## What you need to do
For the data that follows, print the line with "賞状を手に笑顔の高校男子上位3人(左から)稲葉、後藤輝、中林 Photo by", the line with "To scan our", and all lines between them, exactly as they stand. Omit pictures and add nothing.

## Record extracts
★ ★ ★ ★ ★
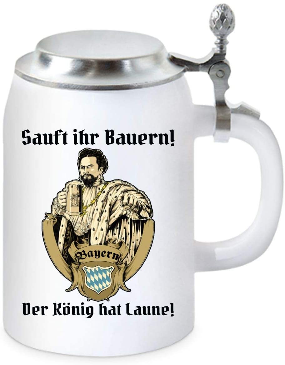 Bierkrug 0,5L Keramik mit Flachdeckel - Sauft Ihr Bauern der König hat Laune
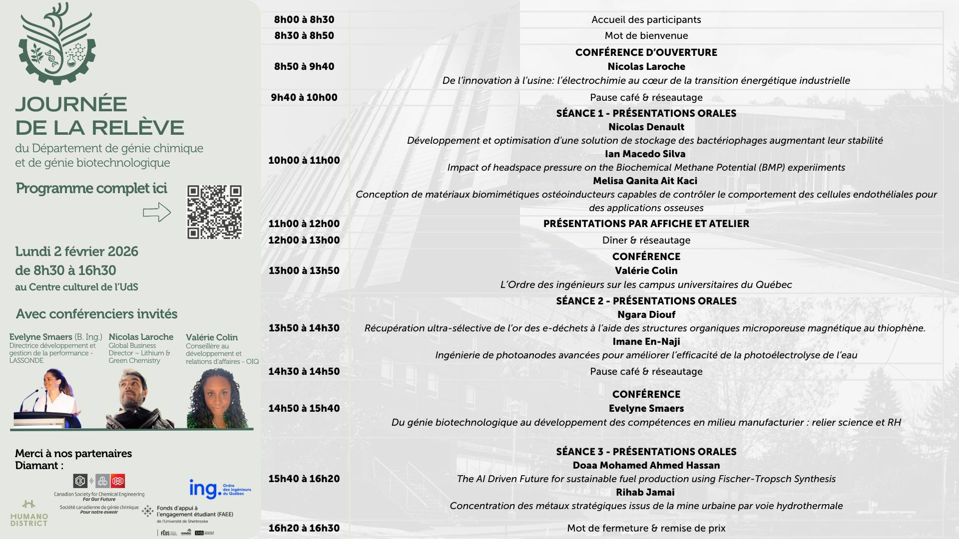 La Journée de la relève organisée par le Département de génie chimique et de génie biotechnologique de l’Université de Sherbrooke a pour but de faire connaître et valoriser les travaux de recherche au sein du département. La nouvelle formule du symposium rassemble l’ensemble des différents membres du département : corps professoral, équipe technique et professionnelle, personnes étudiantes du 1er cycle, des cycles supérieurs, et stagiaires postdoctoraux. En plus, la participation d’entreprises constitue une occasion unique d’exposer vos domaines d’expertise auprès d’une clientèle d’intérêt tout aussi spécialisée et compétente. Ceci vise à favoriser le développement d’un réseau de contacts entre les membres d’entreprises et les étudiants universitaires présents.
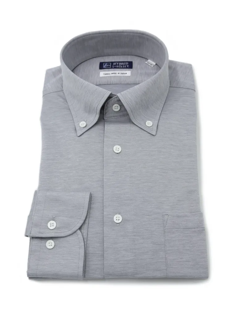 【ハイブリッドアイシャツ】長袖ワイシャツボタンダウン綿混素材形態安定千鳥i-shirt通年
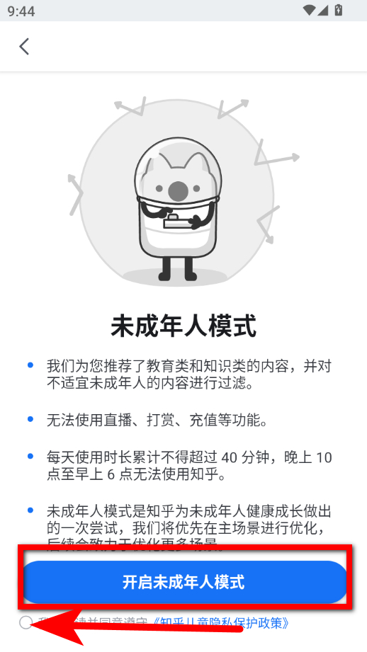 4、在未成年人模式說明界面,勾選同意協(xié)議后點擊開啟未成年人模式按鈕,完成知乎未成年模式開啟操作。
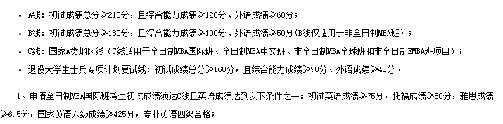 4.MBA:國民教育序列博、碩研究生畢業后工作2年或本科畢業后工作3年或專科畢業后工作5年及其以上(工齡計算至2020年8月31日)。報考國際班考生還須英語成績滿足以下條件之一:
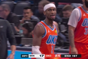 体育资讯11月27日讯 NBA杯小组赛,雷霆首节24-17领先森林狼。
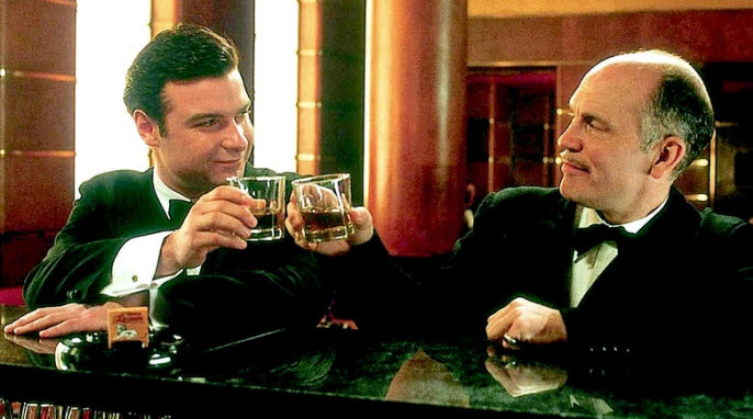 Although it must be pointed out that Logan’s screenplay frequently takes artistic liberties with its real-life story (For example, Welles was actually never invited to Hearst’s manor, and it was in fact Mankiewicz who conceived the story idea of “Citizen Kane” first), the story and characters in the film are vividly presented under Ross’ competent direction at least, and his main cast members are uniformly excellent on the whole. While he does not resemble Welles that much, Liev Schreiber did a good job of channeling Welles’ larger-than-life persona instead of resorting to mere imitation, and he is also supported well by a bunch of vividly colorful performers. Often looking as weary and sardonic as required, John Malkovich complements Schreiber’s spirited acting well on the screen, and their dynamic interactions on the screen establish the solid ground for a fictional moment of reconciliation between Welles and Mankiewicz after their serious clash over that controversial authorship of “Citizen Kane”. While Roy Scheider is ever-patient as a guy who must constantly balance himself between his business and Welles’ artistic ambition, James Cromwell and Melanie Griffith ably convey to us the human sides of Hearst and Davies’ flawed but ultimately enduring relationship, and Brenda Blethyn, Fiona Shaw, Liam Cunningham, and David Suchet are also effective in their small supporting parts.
★ ★ ★ ★ ★
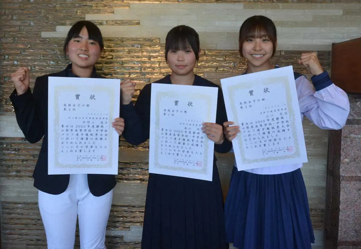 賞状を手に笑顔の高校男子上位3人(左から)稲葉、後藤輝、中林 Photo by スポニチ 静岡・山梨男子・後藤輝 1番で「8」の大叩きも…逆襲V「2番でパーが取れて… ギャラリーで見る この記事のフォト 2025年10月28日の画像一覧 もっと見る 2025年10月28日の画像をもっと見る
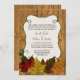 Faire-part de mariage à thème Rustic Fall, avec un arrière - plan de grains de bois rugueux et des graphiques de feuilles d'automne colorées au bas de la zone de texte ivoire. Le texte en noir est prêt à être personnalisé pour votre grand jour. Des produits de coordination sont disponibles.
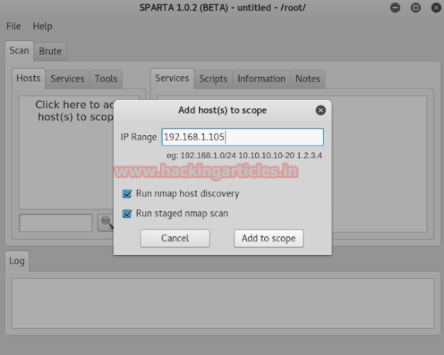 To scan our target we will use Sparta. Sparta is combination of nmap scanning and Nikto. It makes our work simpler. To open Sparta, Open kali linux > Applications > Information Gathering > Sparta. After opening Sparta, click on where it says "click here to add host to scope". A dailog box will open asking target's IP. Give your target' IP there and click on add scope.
★ ★ ★ ★ ★
## Finished exercise
 賞状を手に笑顔の高校男子上位3人(左から)稲葉、後藤輝、中林 Photo by スポニチ 静岡・山梨男子・後藤輝 1番で「8」の大叩きも…逆襲V「2番でパーが取れて… ギャラリーで見る この記事のフォト 2025年10月28日の画像一覧 もっと見る 2025年10月28日の画像をもっと見る
 Faire-part de mariage à thème Rustic Fall, avec un arrière - plan de grains de bois rugueux et des graphiques de feuilles d'automne colorées au bas de la zone de texte ivoire. Le texte en noir est prêt à être personnalisé pour votre grand jour. Des produits de coordination sont disponibles.
 To scan our target we will use Sparta. Sparta is combination of nmap scanning and Nikto. It makes our work simpler. To open Sparta, Open kali linux > Applications > Information Gathering > Sparta. After opening Sparta, click on where it says "click here to add host to scope". A dailog box will open asking target's IP. Give your target' IP there and click on add scope.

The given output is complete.